#### Your instructions:
The lines to transcribe run from the top of the material below to the line with "Пока что видим, что", inclusive. Leave the pictures behind.

#### Dataset section:
====================

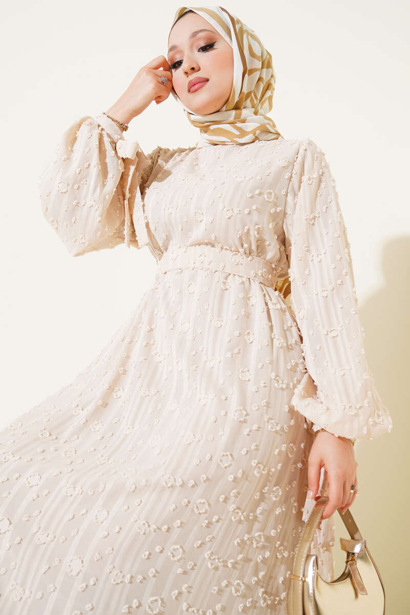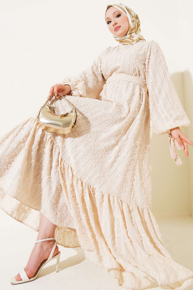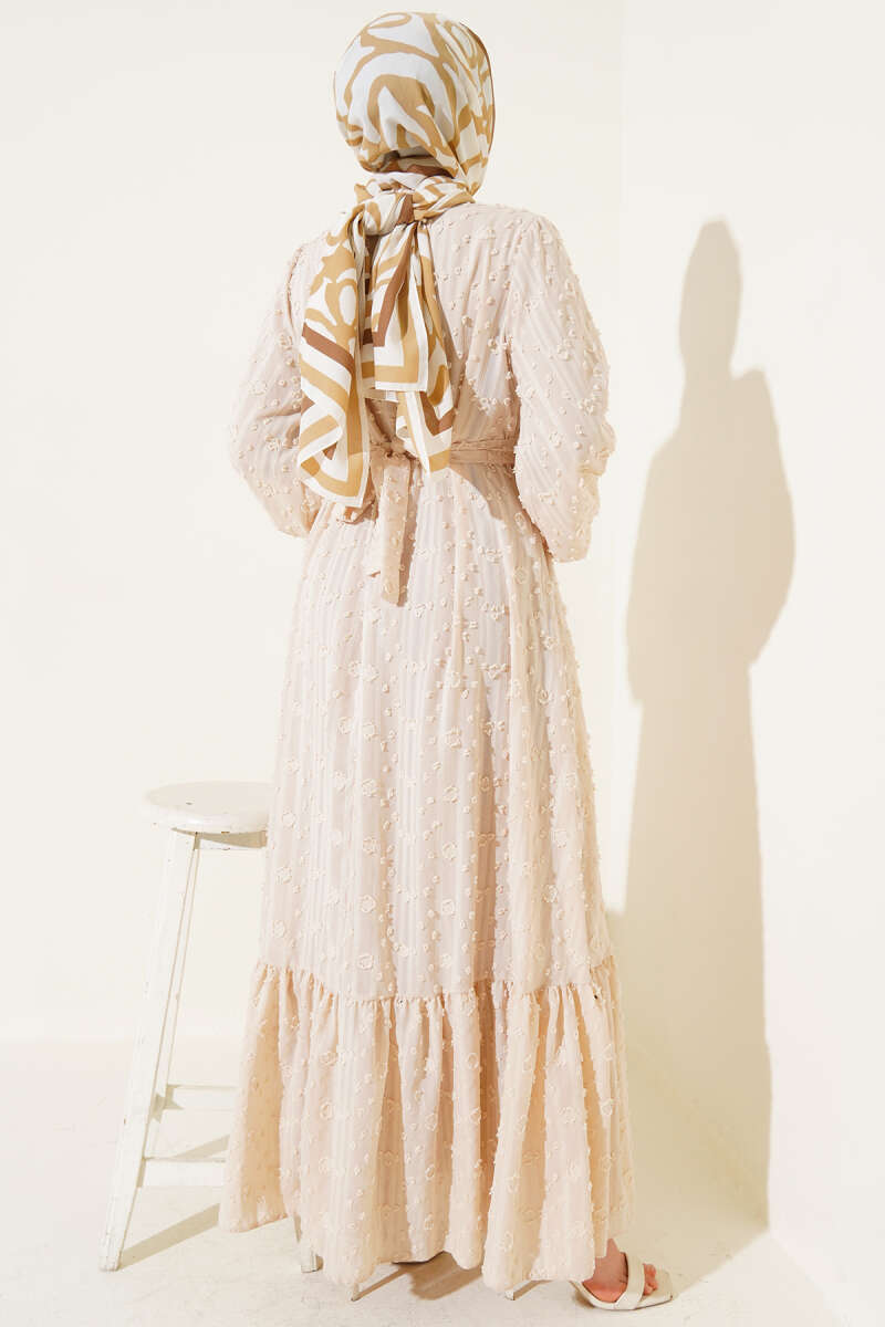 Kolları Fiyonk Detaylı Selanik Elbise Taş
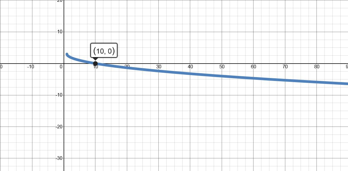 Пока что видим, что функция убывает. Найдем пересечение с нулем. Для этого просто найдем
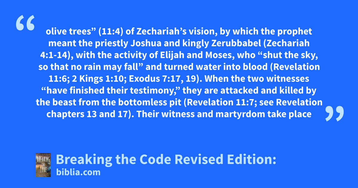 olive trees” (11:4) of Zechariah’s vision, by which the prophet meant the priestly Joshua and kingly Zerubbabel (Zechariah 4:1-14), with the activity of Elijah and Moses, who “shut the sky, so that no rain may fall” and turned water into blood (Revelation 11:6; 2 Kings 1:10; Exodus 7:17, 19). When the two witnesses “have finished their testimony,” they are attacked and killed by the beast from the bottomless pit (Revelation 11:7; see Revelation chapters 13 and 17). Their witness and martyrdom take place
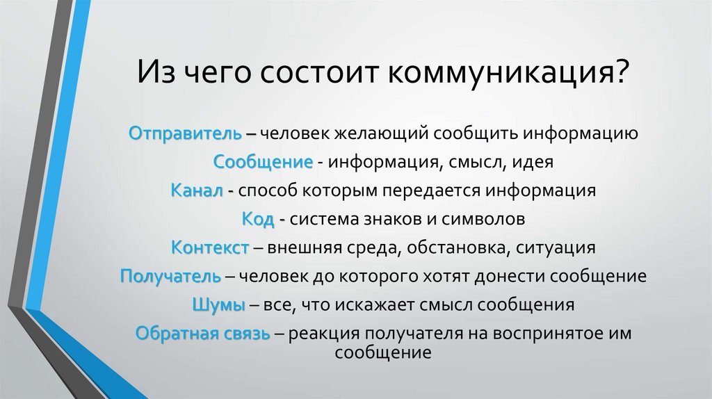 Из чего состоит коммуникация?Отправитель – человек желающий сообщить информацию

====================

#### Result below:
 Kolları Fiyonk Detaylı Selanik Elbise Taş
 Пока что видим, что функция убывает. Найдем пересечение с нулем. Для этого просто найдем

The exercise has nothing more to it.